For image analysis, the neural networks that work best include multiple convolutional stages, in which the “neuron” description is largely replaced by that of a “filter” or “kernel.” The reasons for and implications of this renaming will be considered later.

In image analysis, convolutions work on 2-D arrays, combining values of contiguous and typically small sets of pixels, to generate new 2-D arrays (or filtered images). A simple example is the convolution with a kernel consisting of a 3 × 3 array with all nine elements equal to 1/9 (Fig. 5). By definition, the convolution operation produces an output image where the value at every position in the original is replaced by the average of the original value and that of its eight neighboring pixels—the result of multiplying these by the nine elements of the kernel and adding the results. This is the simplest form of a smoothing operation in two dimensions.

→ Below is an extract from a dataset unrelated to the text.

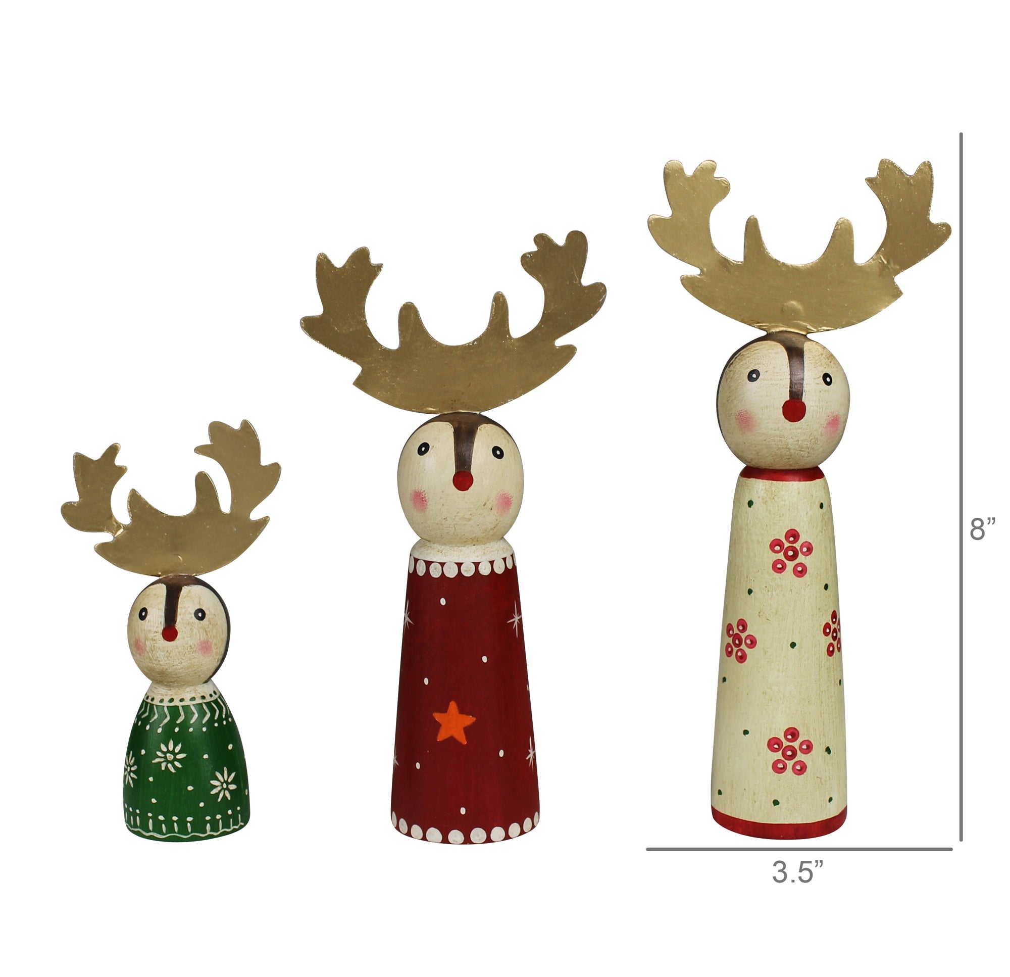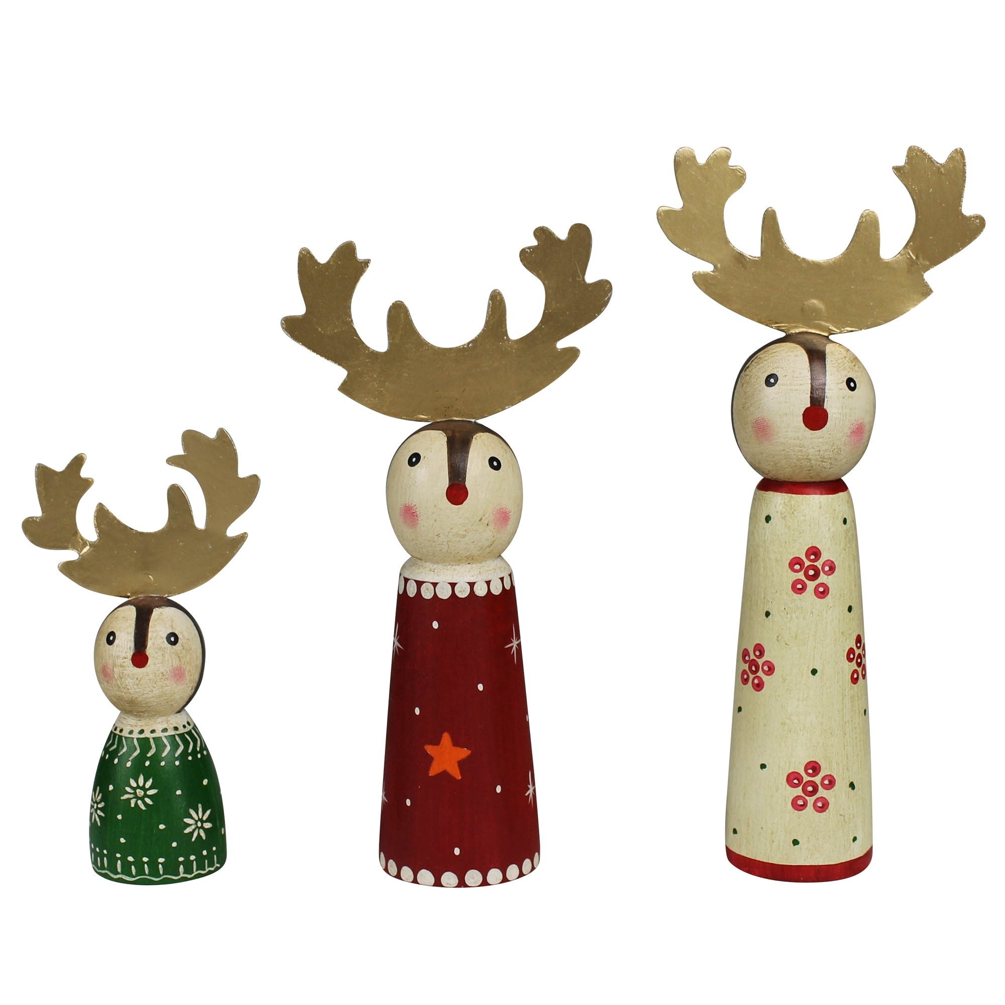 Carved from wood and metal with hand painted details this trio of moose add a touch of sweetness to holiday décor.
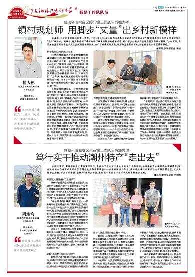 在基层,人才是乡村振兴的第一资源。2021年7月,植大彬作为具备专业素质的“新鲜血液”,随驻茂名市电白区岭门镇工作队“注入”镇村中。驻镇后,植大彬绘制了最初的岭门镇乡村振兴战略推进图、岭门镇乡村振兴产业高质量发展规划图等,“乡村规划,是要解决基层规划专业不足以及规划落地等问题,我们以科学规划为先,将宏伟蓝图落到实处,让镇村居民从中获得幸福感。”

The figure also illustrates a 3 × 3 kernel that marks edges. However, in CNNs, none of these filters with defined functions are applied. In agreement with the general rule of ANNs, CNNs eschew operations with physical meaning, such as those in the Realtor’s example, and allow parameters to vary as dictated by the minimization of loss during the training process.

Moreover, in CNNs, convolutions are typically operators on 3-D arrays or “volumes” (multidimensional arrays are commonly called “tensors”). The bottom panel in Fig. 5 illustrates the work of a filter on an RGB image (a 3-D tensor). The simple rule is that the kernels must have the same size in the third dimension (a.k.a. number of “channels”) as that of the image or tensor to which it is applied. Thus, filtering an RGB color image, with three channels, requires a three-channel filter (27 parameters), as shown. The 3-D convolution in the example consists of placing the filter in every possible position in the plane of the image, replacing the original three values at every center with the sum of 27 products of filter parameters and underlying pixel values.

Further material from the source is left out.